Facettenreiches europäisches Programm

   Mit FEST, als Bindeglied zum europäischen Theater, begann schließlich der zweite Teil der Festspiele. Ein vielschichtiges und breit gefächertes Programm bot für jeden Geschmack das Richtige. Weit über den Köpfen der Zuschauer entfaltete sich etwa die von der spanischen Gruppe Puja! frei nach Alice im Wunderland erzählte Geschichte Do Do Land, in der der exotische, flugunfähige Dodo-Vogel im Vordergrund stand. Schattenspiele an den Wänden des Nationaltheaters, Akrobatikshows über den Dächern von Temeswar sowie eine Live-Band mitten auf dem Theaterplatz sorgten für große Begeisterung und hinterließen einen unvergesslichen Eindruck.

Ein Tanztheater besonderer Art lieferte am darauffolgenden Tag die ebenfalls aus Spanien angereiste Gruppe SenZa TemPo. Blitzartig wurde der Kran, der die Akrobaten am Vortag in der Luft schweben ließ, abmontiert und stattdessen ein aufblasbares Schwimmbecken, das nicht weniger als 7.000 Liter verschlang, montiert. "Das Mittelmeer gibt es nicht … Es handelt sich nur um ein innerliches Meer, das von jedem von uns täglich bereist wird und dessen Wasserfarbe die Tiefe unserer Erinnerungen widerspiegelt. Lazurd ist eine Reise durch solche Gewässer. Dabei wird der Weg der vom Aussterben bedrohten Nomadenvölker und deren Exodus auf der Fahrt zu einer besseren Welt verfolgt", sagen die Produzenten.

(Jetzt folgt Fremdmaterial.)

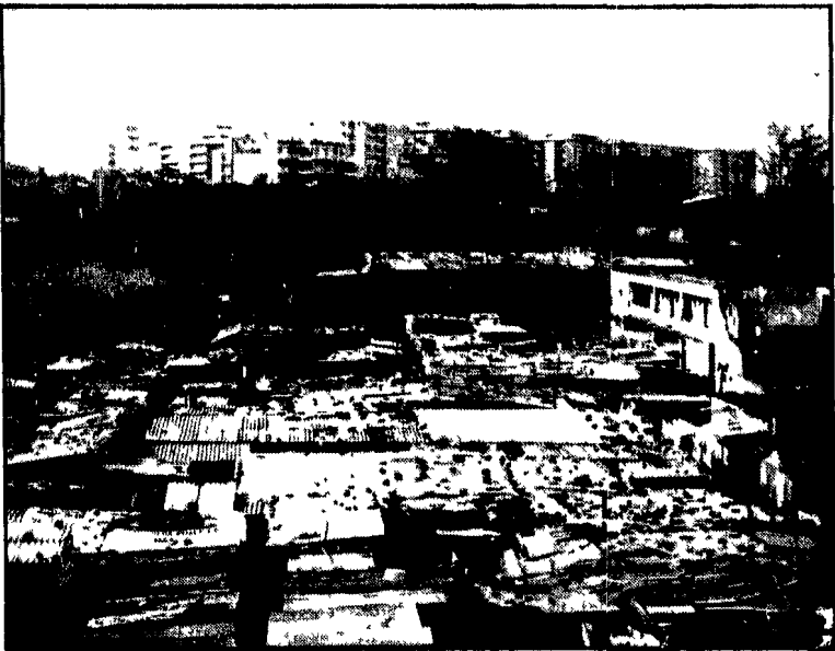
Ecco un'immagine delle baracche che al Trovato e Pietralata, decine di famiglie sono costrette a vivere. E' una situazione che va sanata, la richiesta di requisizione degli appartamenti sfitti è la strada vera che può portare ad eliminare questa autentica vergogna.

Discussa in una riunione di Giunta la richiesta del PCI e dell'UNIA - Vanno requisite anzitutto le case abusive della Magliana - Estendere il blocco degli sfratti per sei mesi - Domani riunione per l'autorizzazione degli affitti
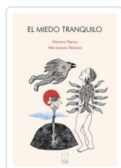
MIEDO TRANQUILO, EL PEYROU, MARIANO

   Für mich bleibt jedoch Parallel, eine Produktion der GroundFloor Group aus Klausenburg, der absolute Höhepunkt dieses Festivals. Ausgehend von den persönlichen Erfahrungen und Vorschlägen der zwei Protagonistinnen wurden große Tabuthemen der rumänischen Gesellschaft direkt angesprochen: die Auseinandersetzung mit dem eigenen Körper, mit der Geschlechtsidentität, mit der lesbischen Liebe und den damit verbundenen Klischees. In einem minimalistischen Bühnenbild boten Lucia Mărneanu und Kata Bodoki-Halmen mit viel Spielfreude und Humor eine einmalige Performance. Was als energiegeladener Aerobic-Tanz begann, endete als Spiel zwischen Frage-Antwort-Stellung und Drag-Show. Einzigartig das Konzept von Ferenc Sinkó, der zusammen mit Leta Popescu auch Regie führte. Eine dynamische, bewegende, nachhaltige Vorstellung. Dass es Standing Ovations gab, ist nicht verwunderlich.